Joe Miller’s story has probably played out in a variety of fashions over the last 25 years since Philadelphia was released. In the homes of straight men learning of their child’s sexual preference. In the workplace where the person in the office or cubical next to them happens to be gay. Perhaps a friend who kept it silent for so many years who finally confides.

Philadelphia as a film is a bit of a time capsule. Hearkening back to a time when gay men were not only disallowed the right to marry, but when many could not even be who they are outside the walls of their own homes. In that regard, and in its many onscreen compromises, it’s a film that may appear antiquated in its approach.

Still, in its deeply humane – if overly cautious – telling, it’s success paved the way for bolder projects to come forth.
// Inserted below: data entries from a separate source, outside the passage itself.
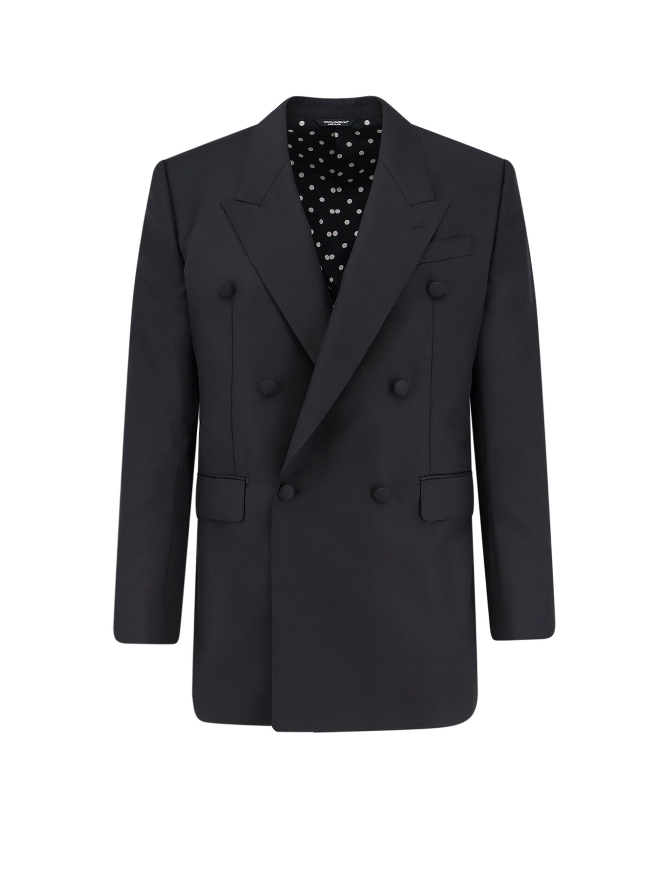 Double-breasted with covered buttons Peak lapel with stitched edges Front flap pockets Polka dot silk lining Made in Italy 100% virgin wool SKU: G2VN8TGK048N0000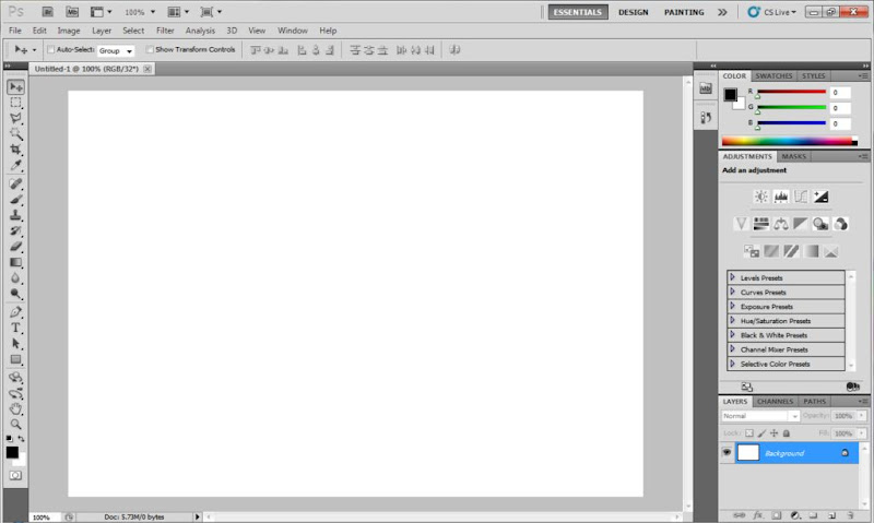 Untuk latihan desain dasar, kita akan mencoba membuat bendera merah putih. Jadi kita disini akan mengenal sedikit demi sedikit mengolah aplikasi Photoshop Cs5.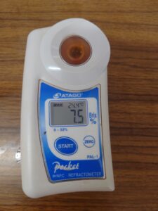 これをナイフで切って果汁を絞り糖度計で計測してみました。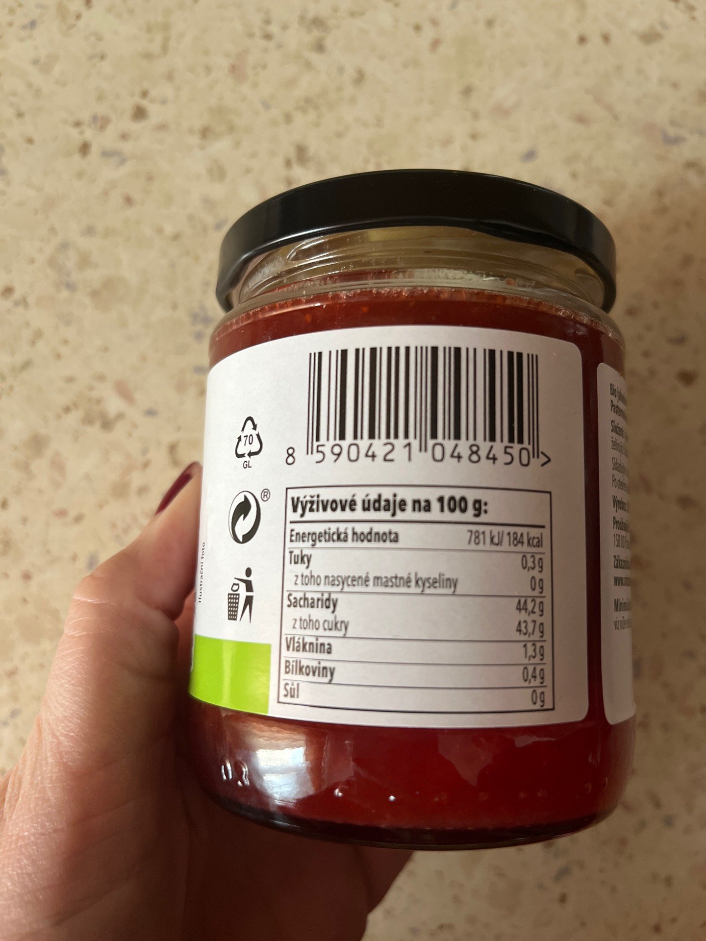 | Konkrétní požadavky na složení | 55g ovoce na 100g výrobku | 3 |

It’s hard to imagine Brokeback Mountain or Call Me By Your Name without Philadelphia’s more modest embrace across the rainbow, a quarter of a century ago. That’s a significant achievement that goes beyond its unique artistic value.

Because in its depiction of Joe Miller, the film is not only remarkably effective, it is prescient. For all the compromises made to get Philadelphia onscreen, the steps Joe took toward a more enlightened tomorrow is the part they got more than right. That’s the part they got perfect. It’s the part that shaped a graceful arc in what was once too straight to bend.